Не возбранимо, несмотря на страх упустить из рук, утерять вещь ценную, было бы затащить сюда инструмент музыкальный, да, отстранившись от шуму общего, во всю мощь разыгрывать какую-нибудь балладу аль сопровождение песнопению, выдуманному на ходу или собранному из остатков других, что знавал он когда-то наизусть. И, без утайки, часто делал и делает так юноша, теша уши обитателей Змия корабельного задорным гласом своим, да мелодиями на все лады. Однако сегодня не один из тех разов.
Долго так можно сидеть, набирая носом побольше воздуху прохладного, наслаждаясь уставшим летним днём, остывая телесами, разгорячёнными зноем, который наконец отступил. Облакачиваясь на крепкий парапет, вниз заглядывать, меж сплошными полотнами парусов, блюдя за тем, как фигурки поуменьшенные снуют по судну туда-сюда и то и дело тоже ввысь по вантам стремятся, забираясь на реи, да сворачивая полотна обширные. И хоть до посинения сидел бы Федька, право слово, только вот: “А вправду, чёй-то паруса-то сворачивать удумали?” - все разом причём, даже и до того, что прямо под ним, добираясь. Ведь штиль полный, ночь распогожая близится. Непонятно.

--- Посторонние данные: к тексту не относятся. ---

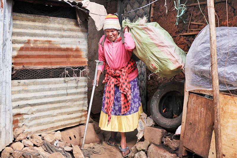 NAIROBI – Menggunakan tongkat untuk menanggung berat badannya, Molly Aluoch yang berusia 85 tahun melangkah keluar dari biliknya yang berdinding lumpur di pinggir kawasan setinggan Nairobi, memikul guni plastik terpakai untuk ditukar dengan pancuran mandian atau tandas yang selamat.
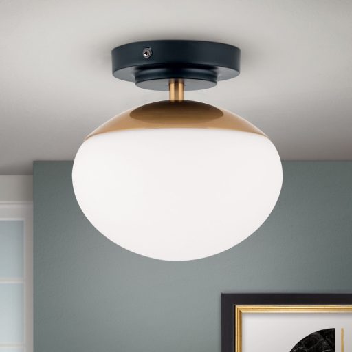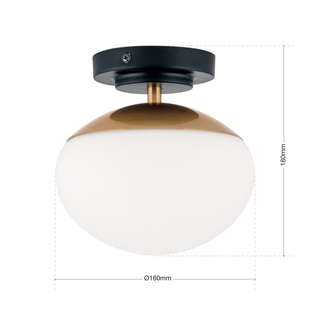 Josephine Mennyezeti lámpa 1x E27 Fekete/ matt arany Retro 18 cm remekül illik a retro enteriőrökbe. A fekete/ matt arany test fém kivitelű. A búra matt opál árnyalatú. 1x E27 foglalattal szerelve. Cserélhető fényforrással használható.

Собрав вразвалку разложенные конечности, браво подпрыгивает Басманов с места свого, да струне уподобляясь, потягивается сильно-сильно телом залежавшимся, сладко дугою прогибаясь. Опосля того, высмотрев капитанскую треуголку, что размеренно плывёт вдоль палубы, отматывая свободный трос, берёт Федька курс на Луговского. Придерживаясь за верёвку, юноша залезает на парапет и, покрепче перехватившись, да заступив ступнями нагими на край бечёвки, махом одним ухает вниз, бесстрашно рассекая воздух резкий.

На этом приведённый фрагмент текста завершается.